Vera s'enveloppa dans son humiliation cette nuit-là, et ses agissements restèrent tranquillement enfouis, inconnus de tous.
Boum !
…Seuls les débris du mobilier évoquèrent faiblement les événements de ce jour.
***
Pendant que Vera se battait contre Vargo, une atmosphère complètement différente régnait dans la chambre de Renee.
« Quel délice ! »
Thérèse battit des mains de joie, son visage s'illuminant d'un bonheur sincère.
Ce fut naturellement sa réaction en apprenant les progrès entre Renee et Vera.
Renee sourit.
La voyant cacher ses joues rougissantes, c'était l'image même d'une jeune fille amoureuse.

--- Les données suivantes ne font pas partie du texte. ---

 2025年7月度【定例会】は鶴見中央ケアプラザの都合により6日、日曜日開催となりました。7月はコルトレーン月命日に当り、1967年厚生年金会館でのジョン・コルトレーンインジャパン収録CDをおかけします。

Se sentant comme si elle pouvait mourir sans regrets, Thérèse essuya les larmes qui s'échappaient.
« Ah, cet idiot sait y faire quand il le faut. »

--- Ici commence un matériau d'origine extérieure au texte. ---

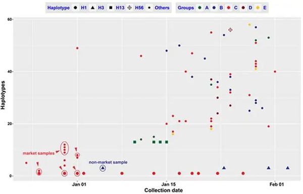 于是中国科学院科技论文预发布平台从基因测序的角度给我们带来了这篇科学论文,直接推翻了华南海鲜市场是第一案发现场的结论。

Depuis leur visite à l'Académie, elle était si anxieuse au sujet de Vera, qui semblait avoir quelques vis desserrés après avoir reçu ses conseils. Elle avait aussi agonisé en voyant Renee tenter de se jeter à son cou.

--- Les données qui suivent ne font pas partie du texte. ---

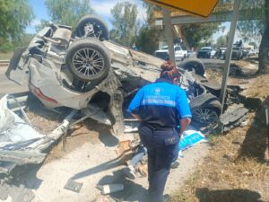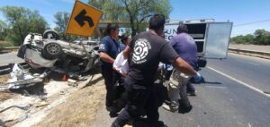 Al sitio se trasladaron policías estatales, personal de Protección Civil de Pabellón encabezados por el comandante Edgar Solís, quienes se encontraron con una camioneta Ford Escape 2014 color blanco, con las llantas apantanando hacia arriba y completamente destrozada.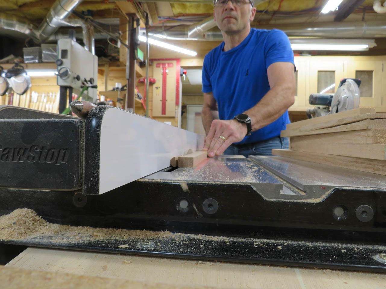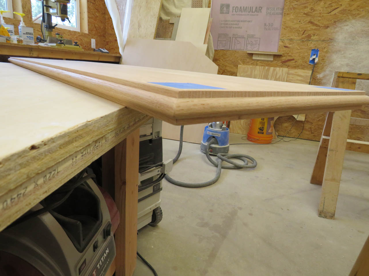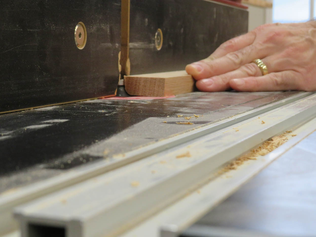 With all of the 5/8″ nosing done, I set up the router table and the table saw to create the 1″ nosing.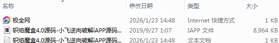 【极全网】轵焰魔盒4.0源码-小飞逆向破解iAPP源码目录1个子文件夹0个文件3个

Les longs moments d'inquiétude traversèrent l'esprit de Thérèse avant de s'évanouir.
« Alors, y a-t-il eu des progrès depuis ? »
« Hein ? Des progrès ? »
« Oui ! Maintenant que vous vous êtes connectées et regardées dans les yeux, vous êtes en couple, n'est-ce pas !? Il a dû y avoir des progrès. »
Prise de court par la question abrupte, le visage de Renee s'embrasa d'embarras, après un instant de détresse.
Un « Vraiment ? » interrogatif apparut sur le visage de Thérèse.
« …Il n'y a rien ? »
Après avoir fièrement fanfaronné sur la déclaration, Thérèse pensait qu'il y aurait sûrement des progrès, mais elle commença lentement à se sentir mal à l'aise.
« …Vraiment ? »
Une sueur froide perla sur le front de Renee.
« Euh, heu… »
En y repensant, c'était bien le cas.
Sa relation avec Vera n'avait progressé que pendant leur voyage vers Oben. Après cela, elles s'étaient complètement absorbées dans la culture bizarre de l'Archiduché, puis occupées à rencontrer Locrion et Nartania.
Ce fut pareil après leur retour.
Le processus de réduction de la puissance du Cercle de Scellement du Mal et de normalisation du Royaume Saint était plutôt complexe.
« …J'étais juste trop occupée. »
Il n'y avait pas d'autre façon pour elle de répondre en se grattant l'arrière de la tête.
La main de Thérèse passa sous son œil.
« …En es-tu consciente ? Les enfants peuvent être conçus même en temps de guerre. »
« … »
La tête de Renee s'abaissa.
Son visage devint rouge vif en cet instant.
Alors que le corps de Renee se tortillait de gêne, Thérèse répondit avec un sourire impuissant.
« Bon, en fait, la Sainte a raison. Si vous aviez été concentrées sur la romance dans de telles circonstances, ça aurait été décevant à sa manière. »
En y réfléchissant, n'était-ce pas le genre d'amour qui convenait le mieux à Renee ?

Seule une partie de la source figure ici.